• [MATERIAL FOR THE TASK]
+ + + + +

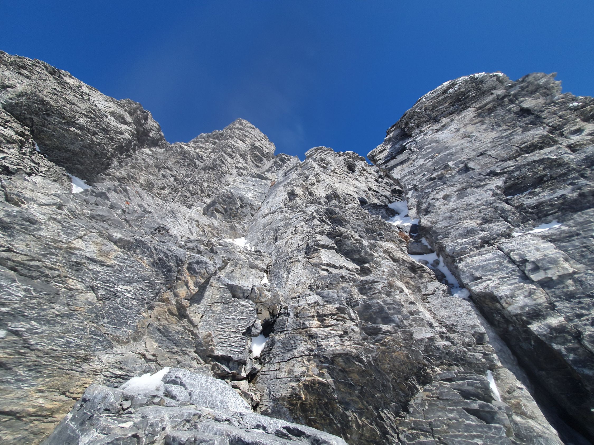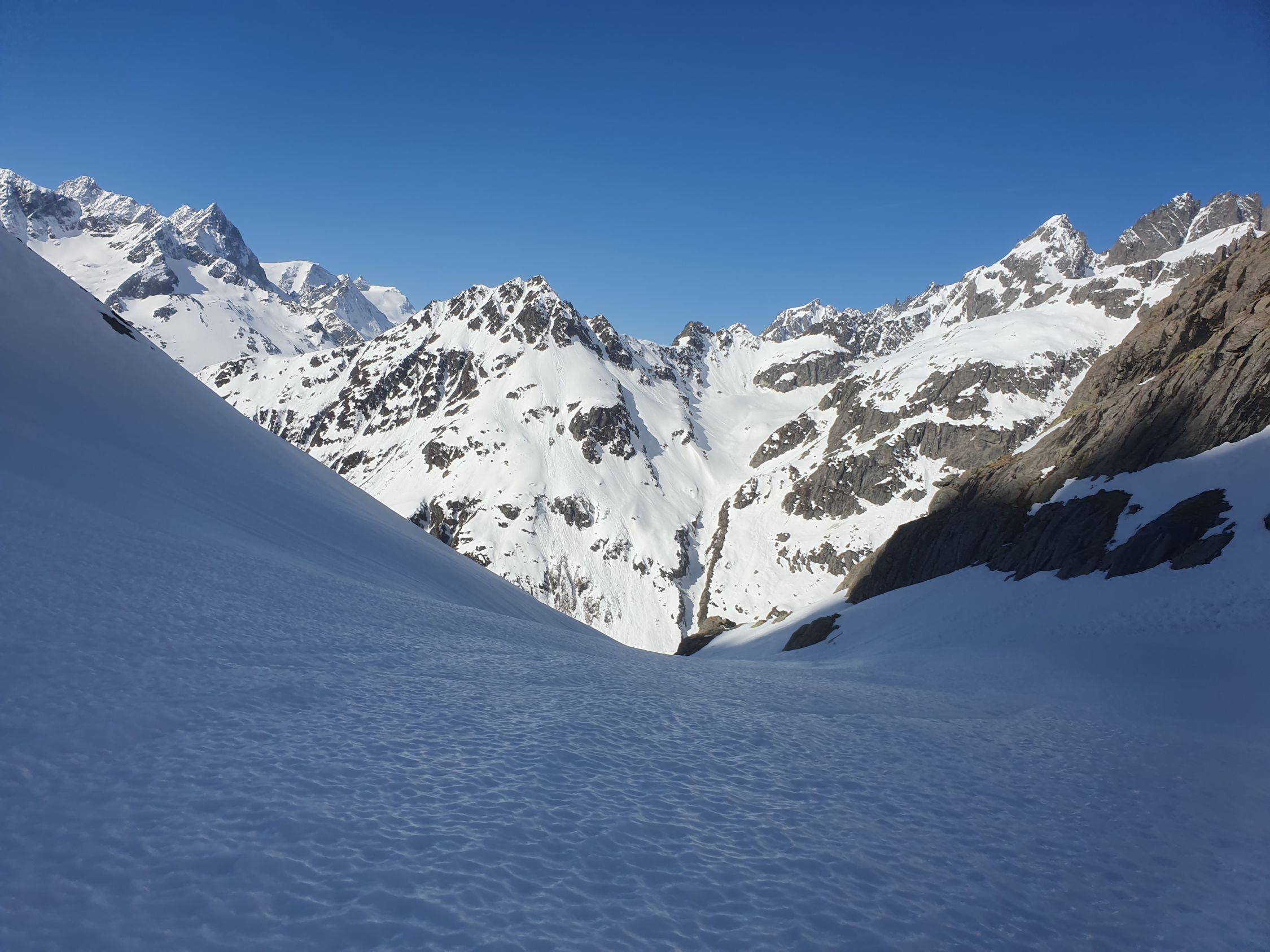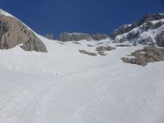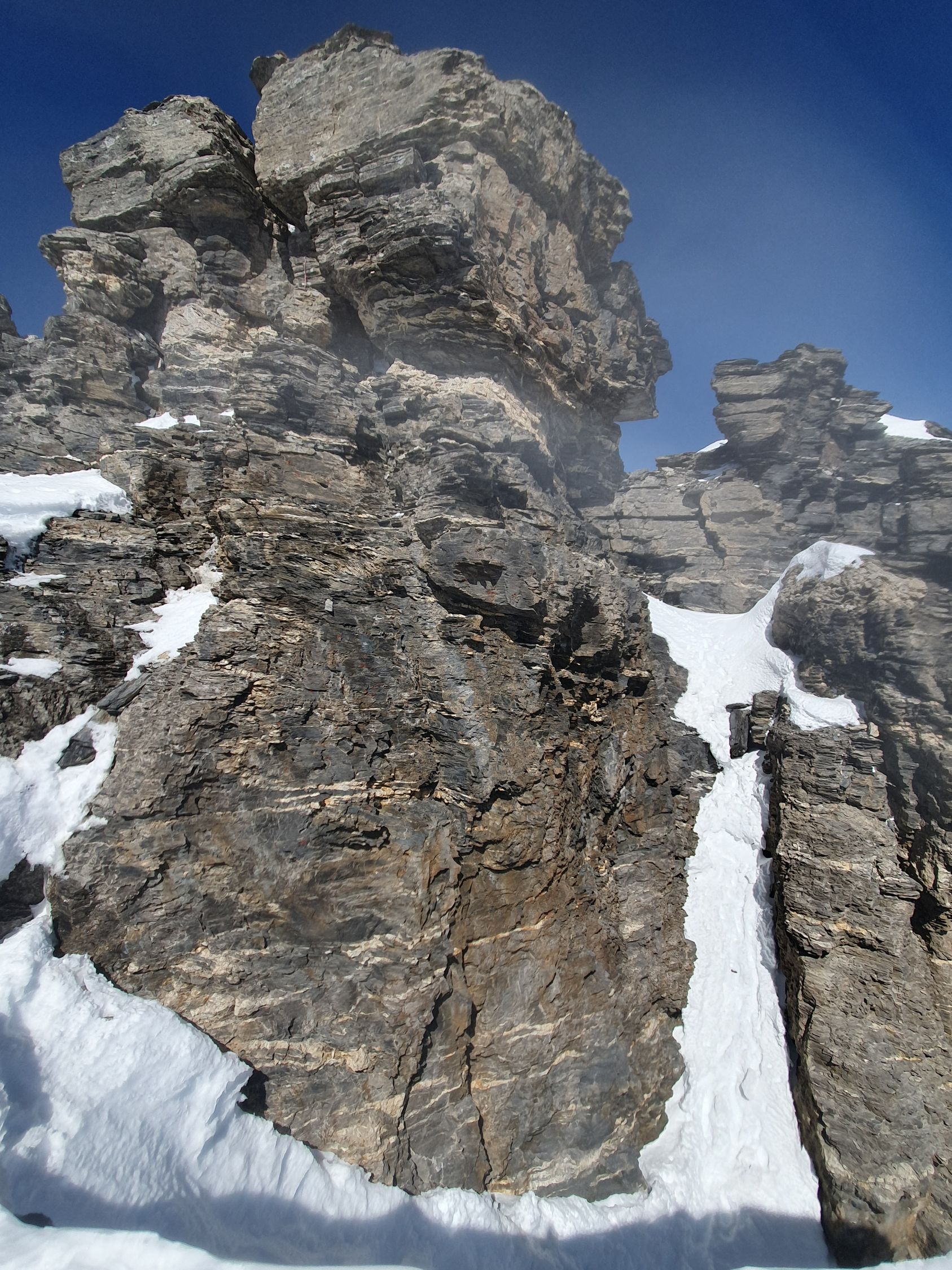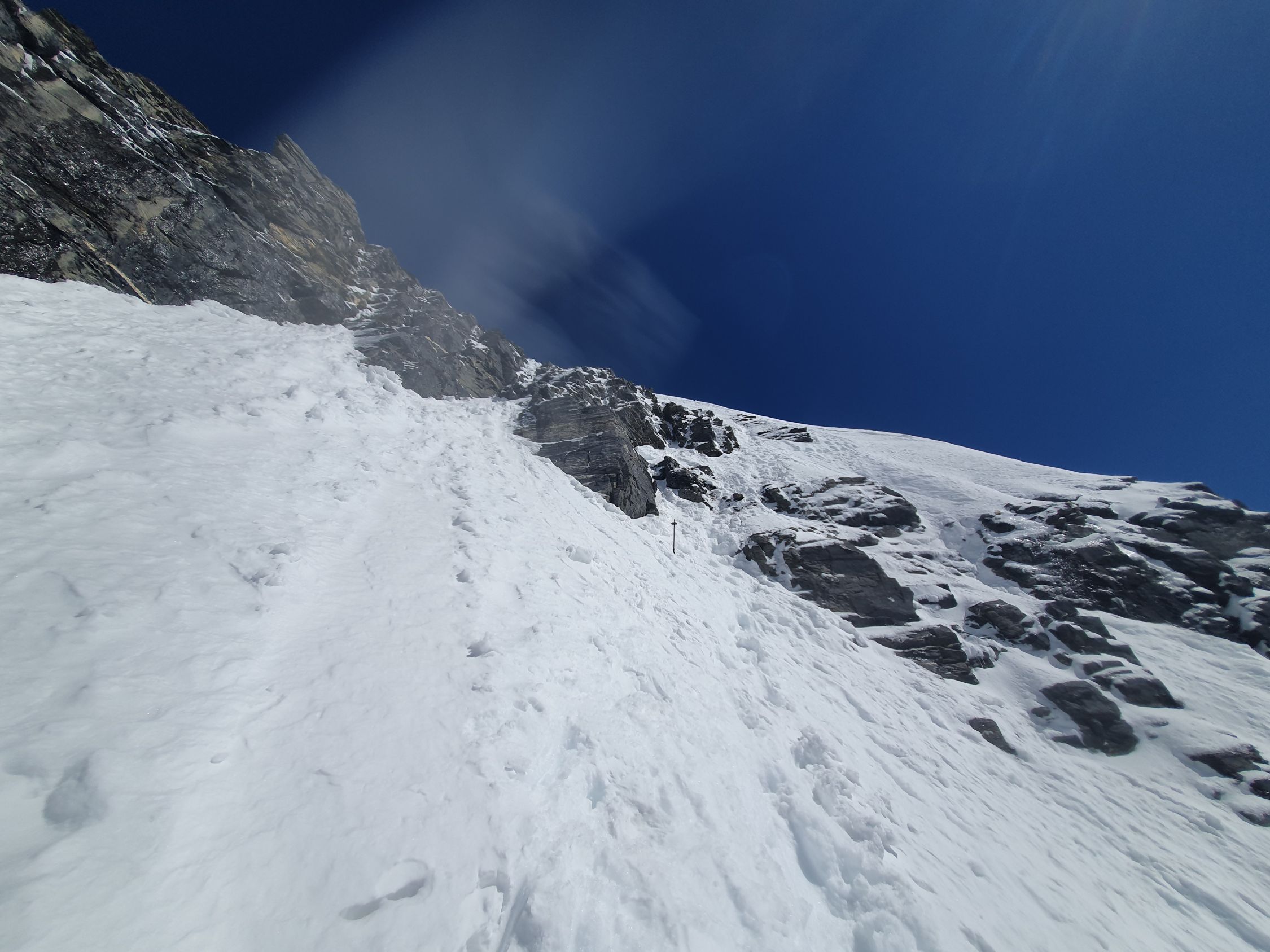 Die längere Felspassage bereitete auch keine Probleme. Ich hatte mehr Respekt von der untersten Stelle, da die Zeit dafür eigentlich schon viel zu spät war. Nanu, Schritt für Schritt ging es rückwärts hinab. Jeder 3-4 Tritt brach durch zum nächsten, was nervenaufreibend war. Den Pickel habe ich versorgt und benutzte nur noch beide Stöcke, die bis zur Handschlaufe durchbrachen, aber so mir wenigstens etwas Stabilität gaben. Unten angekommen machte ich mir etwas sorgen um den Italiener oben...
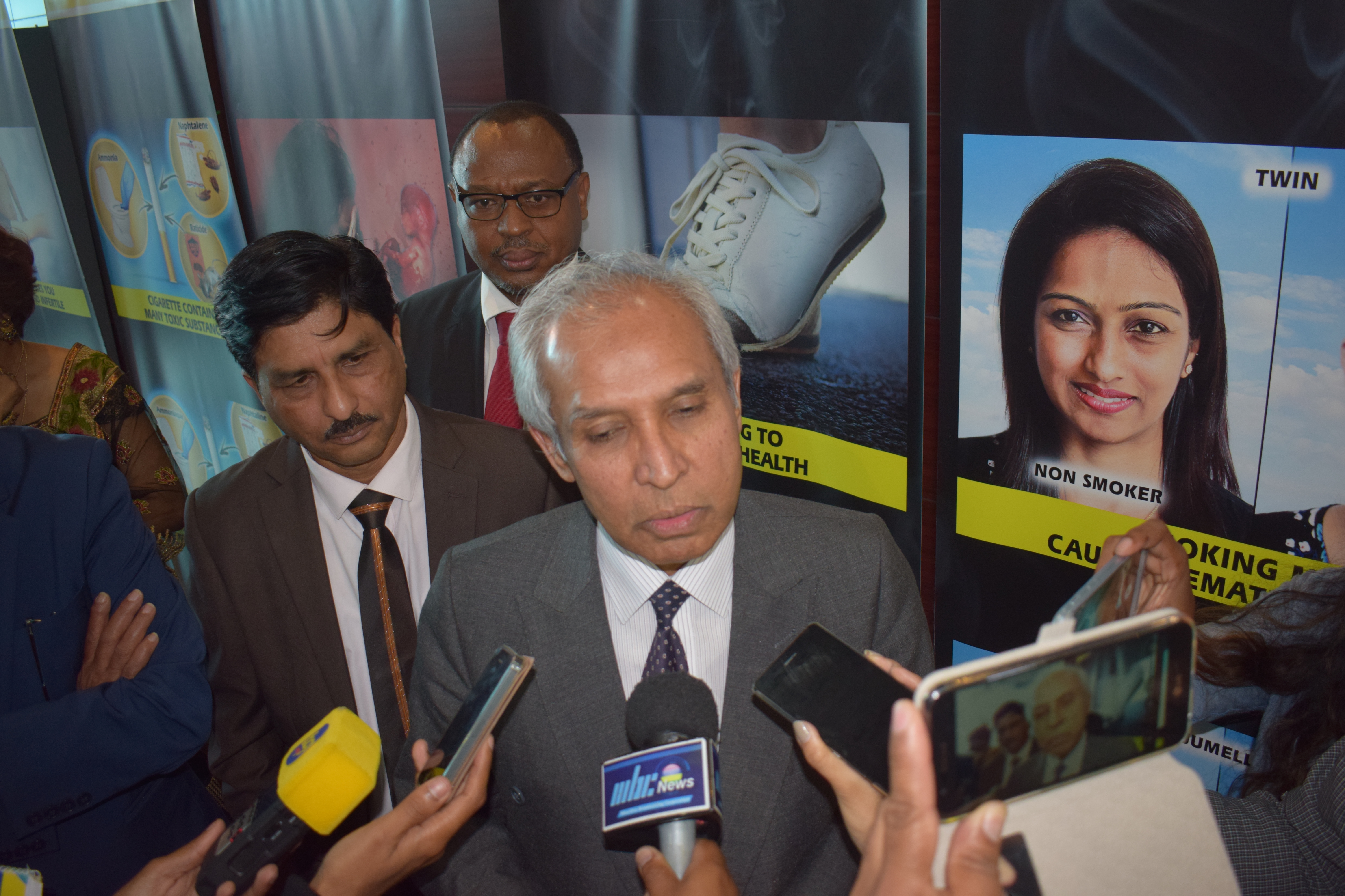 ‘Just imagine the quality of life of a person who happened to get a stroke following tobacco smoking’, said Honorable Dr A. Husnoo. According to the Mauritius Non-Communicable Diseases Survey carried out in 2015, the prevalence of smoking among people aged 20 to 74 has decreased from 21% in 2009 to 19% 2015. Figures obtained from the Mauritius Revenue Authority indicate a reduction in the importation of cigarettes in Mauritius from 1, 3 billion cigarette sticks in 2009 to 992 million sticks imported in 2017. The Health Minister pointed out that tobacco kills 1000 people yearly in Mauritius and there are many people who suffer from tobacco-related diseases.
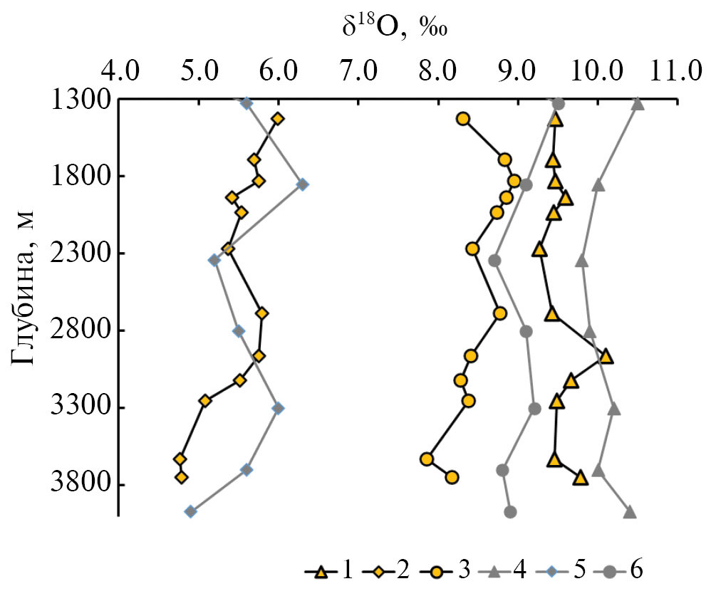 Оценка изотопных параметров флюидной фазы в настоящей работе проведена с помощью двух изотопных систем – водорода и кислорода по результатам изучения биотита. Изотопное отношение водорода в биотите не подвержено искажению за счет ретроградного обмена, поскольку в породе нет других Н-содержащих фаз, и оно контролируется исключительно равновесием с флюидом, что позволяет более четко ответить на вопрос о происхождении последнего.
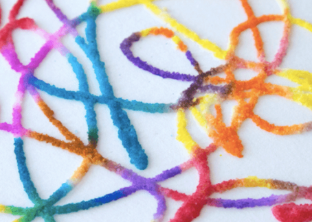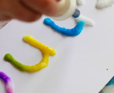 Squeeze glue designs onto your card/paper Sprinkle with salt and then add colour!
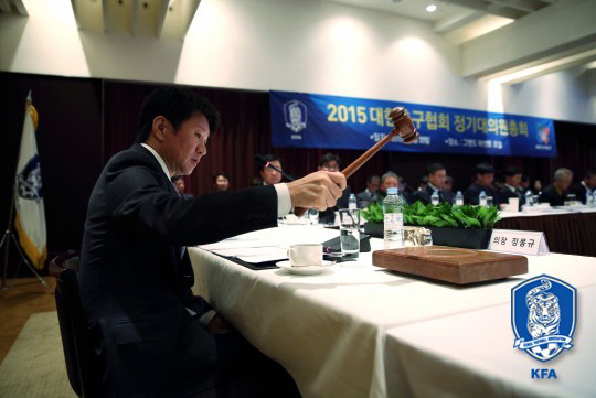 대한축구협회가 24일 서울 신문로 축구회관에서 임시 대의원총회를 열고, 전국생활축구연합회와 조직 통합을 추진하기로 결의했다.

+ + + + +

• [EXERCISE PROMPT] Send back every record exactly as it stands, except the pictures.

• [WRITTEN RESPONSE]
 Die längere Felspassage bereitete auch keine Probleme. Ich hatte mehr Respekt von der untersten Stelle, da die Zeit dafür eigentlich schon viel zu spät war. Nanu, Schritt für Schritt ging es rückwärts hinab. Jeder 3-4 Tritt brach durch zum nächsten, was nervenaufreibend war. Den Pickel habe ich versorgt und benutzte nur noch beide Stöcke, die bis zur Handschlaufe durchbrachen, aber so mir wenigstens etwas Stabilität gaben. Unten angekommen machte ich mir etwas sorgen um den Italiener oben...
 ‘Just imagine the quality of life of a person who happened to get a stroke following tobacco smoking’, said Honorable Dr A. Husnoo. According to the Mauritius Non-Communicable Diseases Survey carried out in 2015, the prevalence of smoking among people aged 20 to 74 has decreased from 21% in 2009 to 19% 2015. Figures obtained from the Mauritius Revenue Authority indicate a reduction in the importation of cigarettes in Mauritius from 1, 3 billion cigarette sticks in 2009 to 992 million sticks imported in 2017. The Health Minister pointed out that tobacco kills 1000 people yearly in Mauritius and there are many people who suffer from tobacco-related diseases.
 Оценка изотопных параметров флюидной фазы в настоящей работе проведена с помощью двух изотопных систем – водорода и кислорода по результатам изучения биотита. Изотопное отношение водорода в биотите не подвержено искажению за счет ретроградного обмена, поскольку в породе нет других Н-содержащих фаз, и оно контролируется исключительно равновесием с флюидом, что позволяет более четко ответить на вопрос о происхождении последнего.
 Squeeze glue designs onto your card/paper Sprinkle with salt and then add colour!
 대한축구협회가 24일 서울 신문로 축구회관에서 임시 대의원총회를 열고, 전국생활축구연합회와 조직 통합을 추진하기로 결의했다.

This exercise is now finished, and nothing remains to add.